そこでよく私の考えとして言っているのは、病名が腱炎、膝蓋腱炎、足底腱膜炎、腱膜炎というように、炎症の「炎」だと、どうも切れたというふうに認識されにくい。
-腫れているんだなというくらい。
鳥居:ですから、病名をもう少し工夫しないといけないと思います。選手たちも誤解するし、ドクターも専門家(整形外科医)以外だとやはり誤解してしまうと思います。ですからそこの認識を新たにする、もしくはやはり病名の表現の仕方を変えないといけないと思っています。
-断裂性なんとかとか。
烏居:微細断裂とか。欧米の本ですとtendinitis、そのまま訳すと「腱炎」なのですが、そうではなくてtendinopathyという腱の障害、腱の裂傷、そういう表現にしようと言っている人たちもいます。国際陸連ではそのように表現しています。日本語にした場合、「腱症」といってもピッタリこないし、馴染まない。
したがって、普及していかない。まず、断裂、「切れた」という認識をもって、それで切れたところが癒合するように、運動量をある程度セーブしなければいけない。あるいは、患部に対して何か保護するような処置をしながら運動するということを考えなければいけないのです。
-難しいですね。直後はRICE処置?
鳥居:RICE処置でいいと思います。
-それで2~3日後からジョギングを始めるとして。
鳥居:テーピングとか、あるいは局所的な圧迫とか、そういったもので患部が引っ張られすぎないようにする必要があります。
-腱の損傷が生理学的に修復されるのはどれくらいの期間かかる?
鳥居:これについても、実を言うと、経過を追っていった研究は多くないのです。筋損傷で肉離れの場合、最近はMRIが使われるようになっていますが、かつては動物実験などで、よく組織を取り出して検査されていて、だいたい4週間で通常の肉離れは修復されるだろうと考えられています。腱はどうも、ふくれて、修復組織がたくさんつくられて、それが落ち着いてくるという期間まで考えると、1カ月のオーダーでは追いつかないのです。
-1カ月は、ランナーにとっては厳しい。
鳥居:腱の向こう側にある骨を削り取るようなそういう処置をするだけで、その際の腱を単に縦に裂いていく処置だけでも、そのあと腱が数カ月反応して結構太くなるのです。だいたい3カ月くらいそれだけでかかってしまいます。ですからアキレス腱断裂が起こって、保存療法でも手術療法でも半年である程度のレベルで運動できますと言っているのですが、結局トップ選手がちゃんともとのレベルで運動できるまで回復するのに、ほとんどは1年ほどかかっています。

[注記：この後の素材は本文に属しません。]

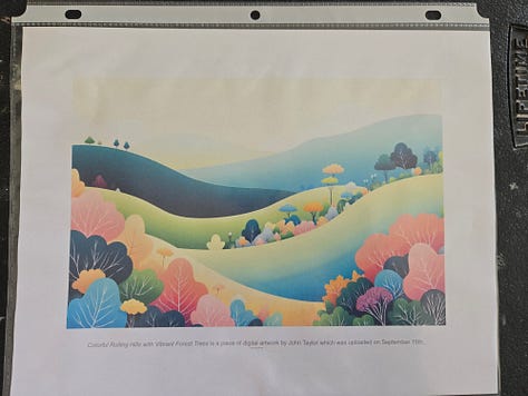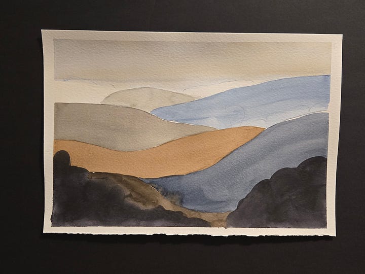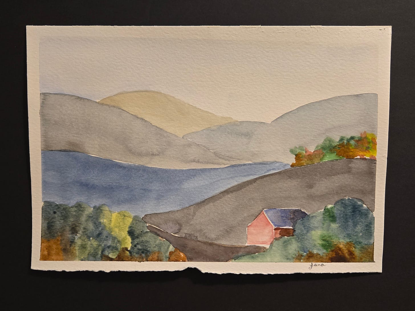Here was my final image for the class, which was an amalgamation of the hills scene and the barn with shading. I ended up using the neutral palette for the hills and regular primaries for the barn and greenery, but learned that I’m not supposed to use these palettes together.

そう考えると、腱の修復には相当長い期間必要になるということです。ですから微細断裂であっても量が少ないとはいえ、ある程度以上の量になった場合には、やはり数カ月のオーダーを考えなくてはいけないだろうと思います。
-数カ月練習量を落とすのは、ちょっと現実的ではない。
鳥居:ないですね。ですから結局、折り合いがつくところで徐々に始めていって、それで実は多少壊しながらまたトレーニングをする。だからトップ選手たちのアキレス腱の障害経験者は、みんなアキレス腱がすごく太くなってしまっています。かつての400mハードルの選手たちなどはみんな「ボコボコ」として太くなっています。マラソンランナーもそうですが。